## Problem description
Repeat the span of the entries below that starts at the line with "1-- постоянная рождаемость, 2" and ends at the line with "Abrigo de Lana", nothing more. Skip the pictures.

## Data to process
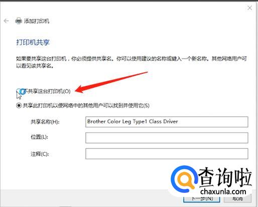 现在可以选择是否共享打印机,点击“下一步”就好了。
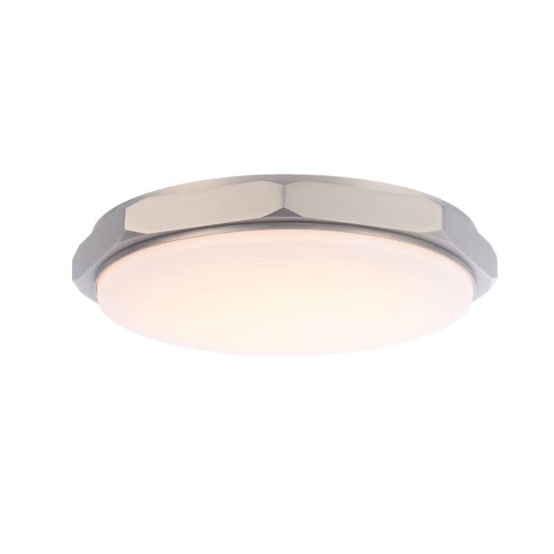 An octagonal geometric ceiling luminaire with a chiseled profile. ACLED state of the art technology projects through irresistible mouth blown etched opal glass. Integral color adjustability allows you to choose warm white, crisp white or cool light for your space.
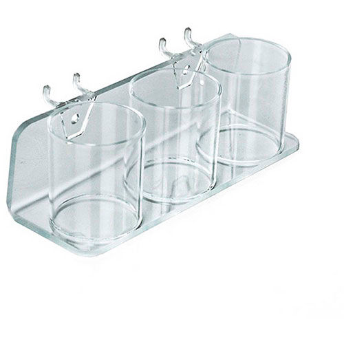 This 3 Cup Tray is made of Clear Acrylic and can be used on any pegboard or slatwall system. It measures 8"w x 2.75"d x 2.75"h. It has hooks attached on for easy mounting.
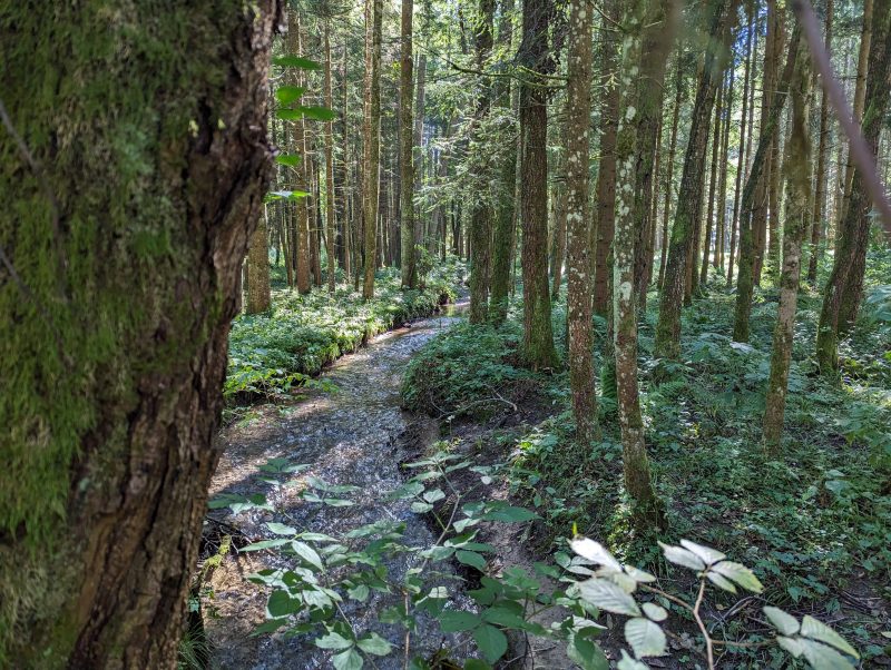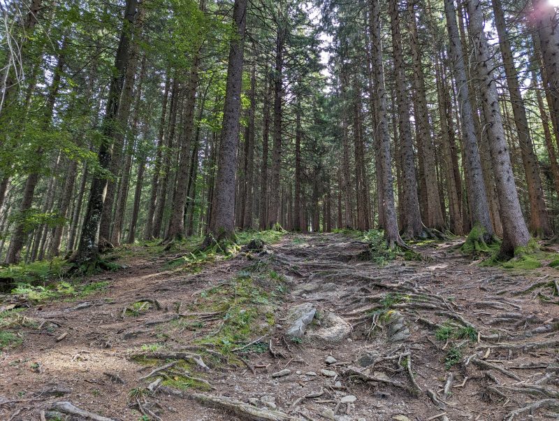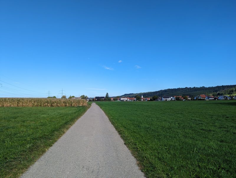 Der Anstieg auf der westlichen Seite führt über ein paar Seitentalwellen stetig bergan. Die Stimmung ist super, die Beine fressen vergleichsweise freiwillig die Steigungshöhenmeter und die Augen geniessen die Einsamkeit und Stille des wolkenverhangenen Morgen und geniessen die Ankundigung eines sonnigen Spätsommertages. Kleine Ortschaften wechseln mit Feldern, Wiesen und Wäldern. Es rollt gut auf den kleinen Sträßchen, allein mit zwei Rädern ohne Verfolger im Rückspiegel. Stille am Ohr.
...
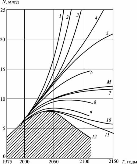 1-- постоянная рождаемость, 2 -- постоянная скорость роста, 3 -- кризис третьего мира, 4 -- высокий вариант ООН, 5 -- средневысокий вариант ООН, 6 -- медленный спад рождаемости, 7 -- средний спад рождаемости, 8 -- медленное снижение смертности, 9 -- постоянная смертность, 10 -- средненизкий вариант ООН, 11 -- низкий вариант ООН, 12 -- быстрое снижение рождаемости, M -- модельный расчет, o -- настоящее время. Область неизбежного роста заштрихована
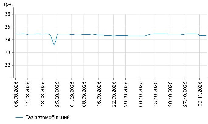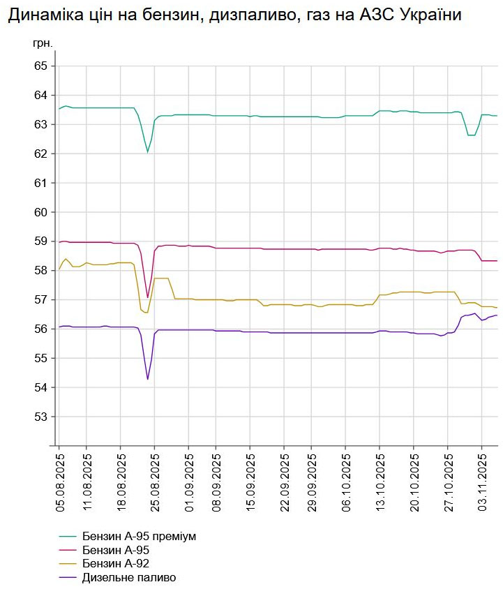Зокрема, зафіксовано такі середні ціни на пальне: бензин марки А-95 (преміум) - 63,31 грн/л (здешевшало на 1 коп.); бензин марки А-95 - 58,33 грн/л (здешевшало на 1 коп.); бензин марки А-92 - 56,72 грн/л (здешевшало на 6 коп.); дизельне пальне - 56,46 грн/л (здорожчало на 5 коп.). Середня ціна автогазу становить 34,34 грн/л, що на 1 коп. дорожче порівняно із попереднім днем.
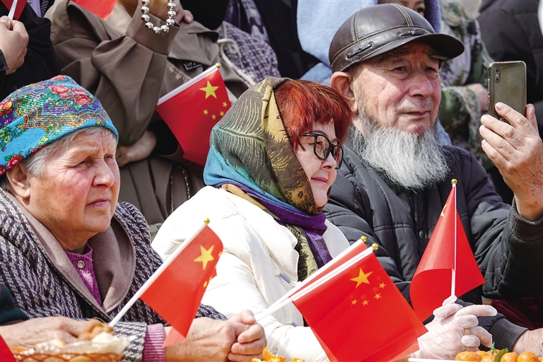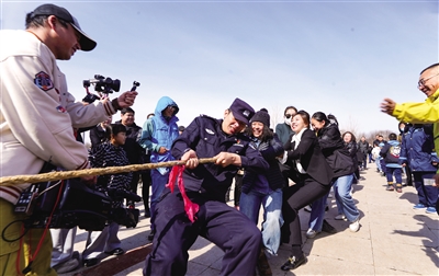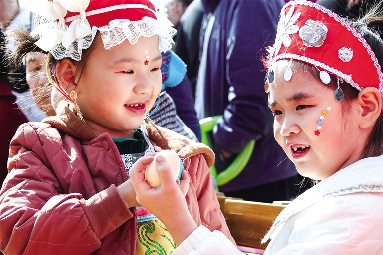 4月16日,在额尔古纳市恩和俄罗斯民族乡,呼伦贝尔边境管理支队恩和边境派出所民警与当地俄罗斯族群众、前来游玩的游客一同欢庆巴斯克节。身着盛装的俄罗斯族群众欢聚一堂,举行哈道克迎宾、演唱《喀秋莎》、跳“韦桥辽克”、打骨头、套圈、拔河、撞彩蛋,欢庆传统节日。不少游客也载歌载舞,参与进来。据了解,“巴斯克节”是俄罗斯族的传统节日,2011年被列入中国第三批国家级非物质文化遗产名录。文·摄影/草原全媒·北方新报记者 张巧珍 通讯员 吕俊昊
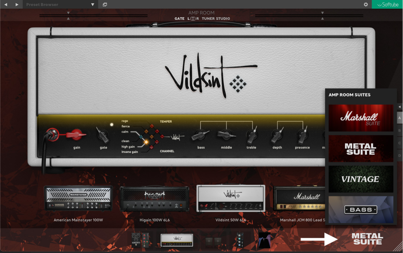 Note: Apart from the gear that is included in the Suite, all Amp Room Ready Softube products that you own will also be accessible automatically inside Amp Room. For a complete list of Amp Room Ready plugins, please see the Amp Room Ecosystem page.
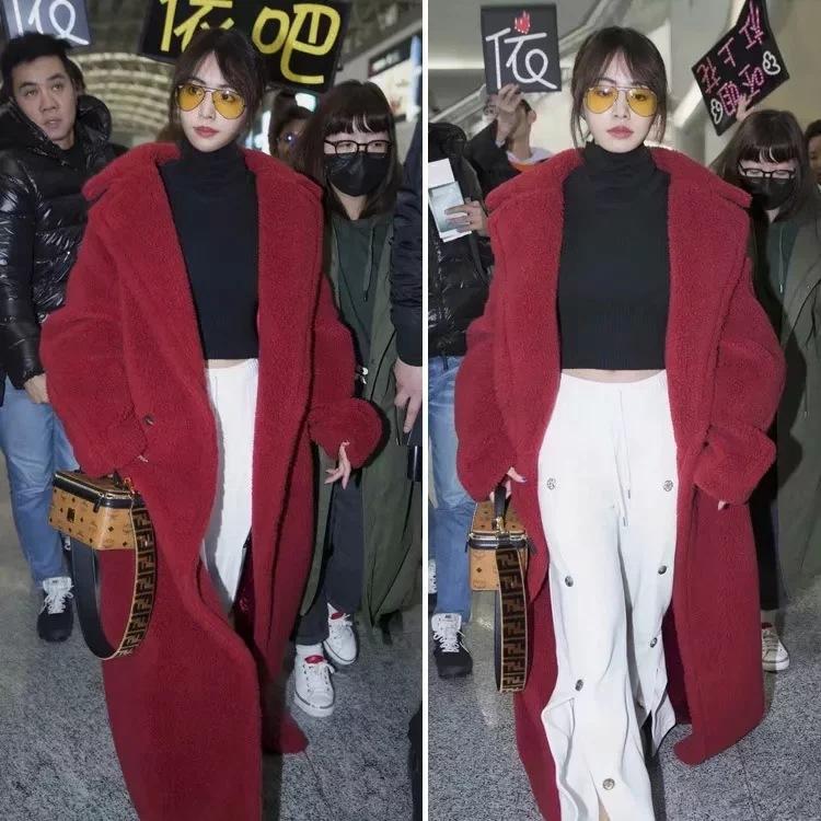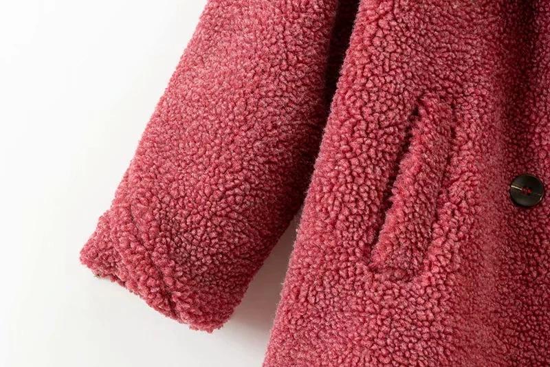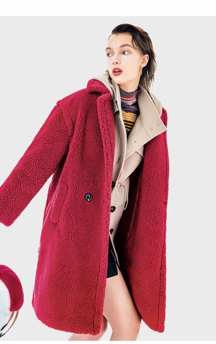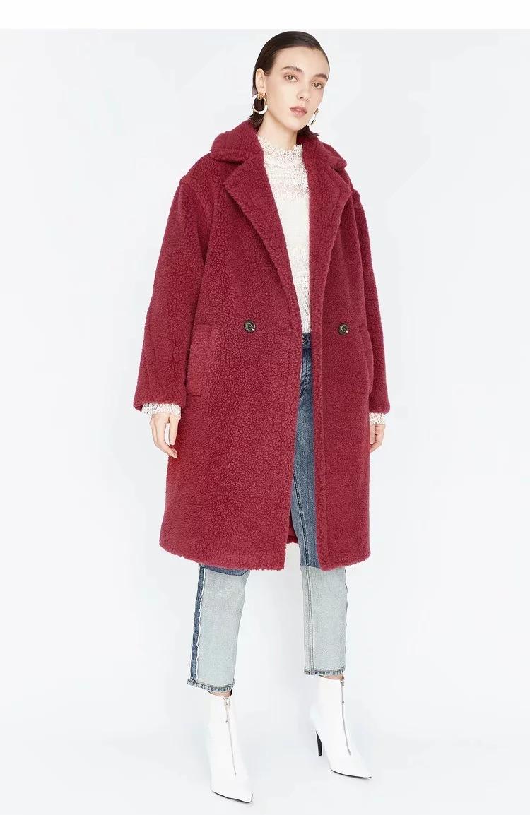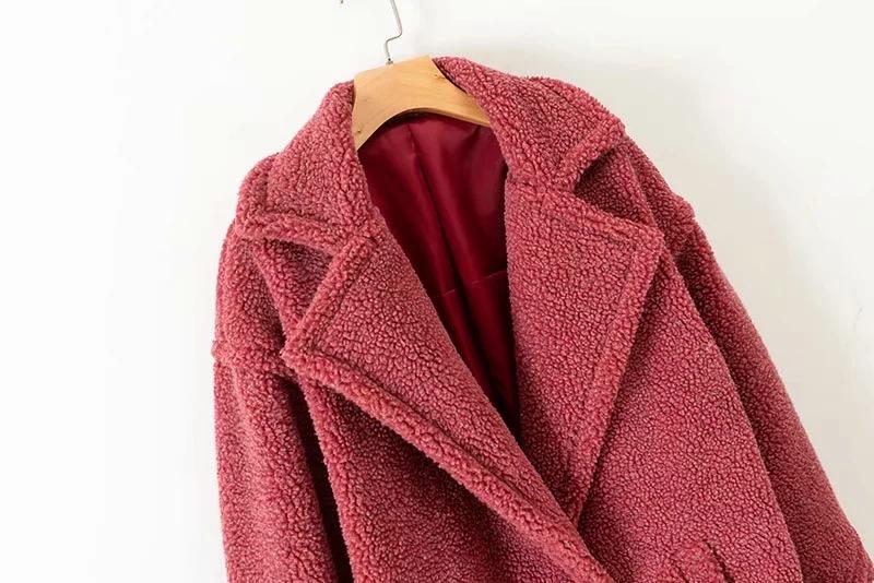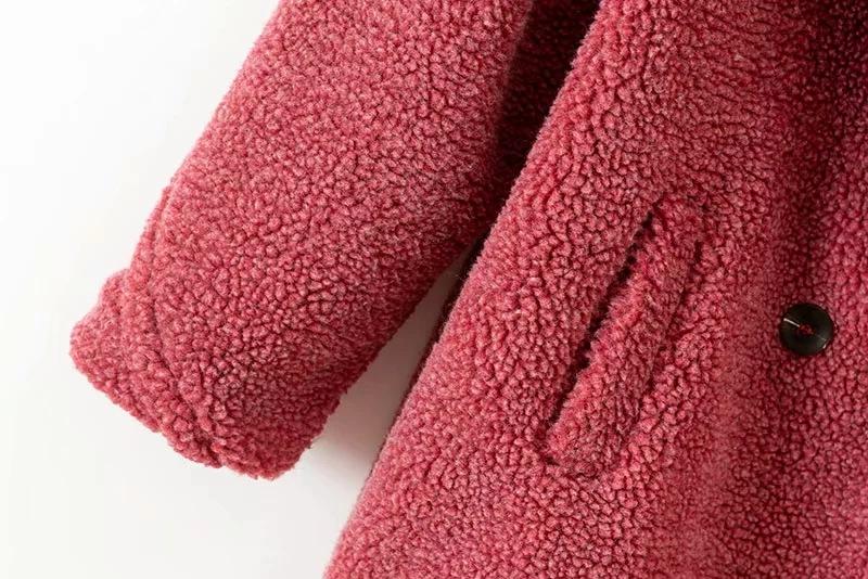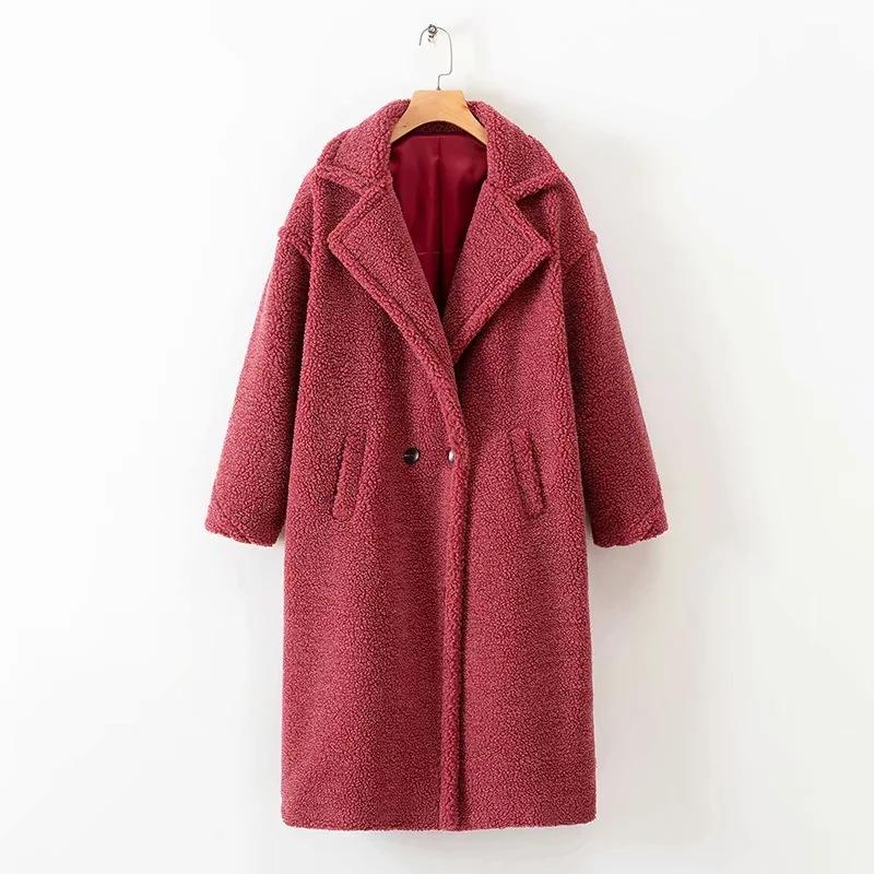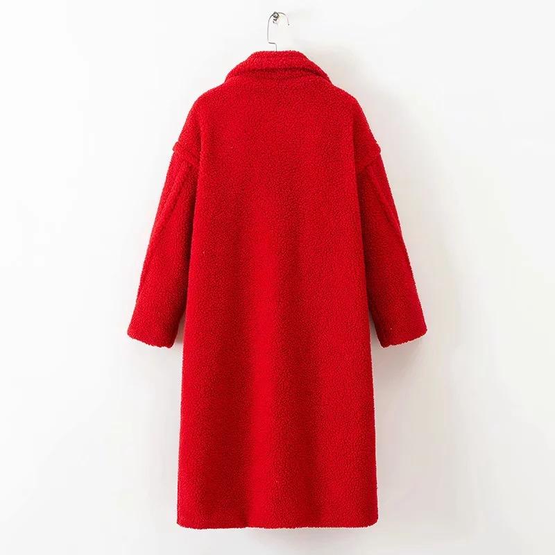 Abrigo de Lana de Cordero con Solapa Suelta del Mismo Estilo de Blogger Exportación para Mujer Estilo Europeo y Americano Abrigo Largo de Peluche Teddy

## Solution below
 1-- постоянная рождаемость, 2 -- постоянная скорость роста, 3 -- кризис третьего мира, 4 -- высокий вариант ООН, 5 -- средневысокий вариант ООН, 6 -- медленный спад рождаемости, 7 -- средний спад рождаемости, 8 -- медленное снижение смертности, 9 -- постоянная смертность, 10 -- средненизкий вариант ООН, 11 -- низкий вариант ООН, 12 -- быстрое снижение рождаемости, M -- модельный расчет, o -- настоящее время. Область неизбежного роста заштрихована
Зокрема, зафіксовано такі середні ціни на пальне: бензин марки А-95 (преміум) - 63,31 грн/л (здешевшало на 1 коп.); бензин марки А-95 - 58,33 грн/л (здешевшало на 1 коп.); бензин марки А-92 - 56,72 грн/л (здешевшало на 6 коп.); дизельне пальне - 56,46 грн/л (здорожчало на 5 коп.). Середня ціна автогазу становить 34,34 грн/л, що на 1 коп. дорожче порівняно із попереднім днем.
 4月16日,在额尔古纳市恩和俄罗斯民族乡,呼伦贝尔边境管理支队恩和边境派出所民警与当地俄罗斯族群众、前来游玩的游客一同欢庆巴斯克节。身着盛装的俄罗斯族群众欢聚一堂,举行哈道克迎宾、演唱《喀秋莎》、跳“韦桥辽克”、打骨头、套圈、拔河、撞彩蛋,欢庆传统节日。不少游客也载歌载舞,参与进来。据了解,“巴斯克节”是俄罗斯族的传统节日,2011年被列入中国第三批国家级非物质文化遗产名录。文·摄影/草原全媒·北方新报记者 张巧珍 通讯员 吕俊昊
 Note: Apart from the gear that is included in the Suite, all Amp Room Ready Softube products that you own will also be accessible automatically inside Amp Room. For a complete list of Amp Room Ready plugins, please see the Amp Room Ecosystem page.
 Abrigo de Lana de Cordero con Solapa Suelta del Mismo Estilo de Blogger Exportación para Mujer Estilo Europeo y Americano Abrigo Largo de Peluche Teddy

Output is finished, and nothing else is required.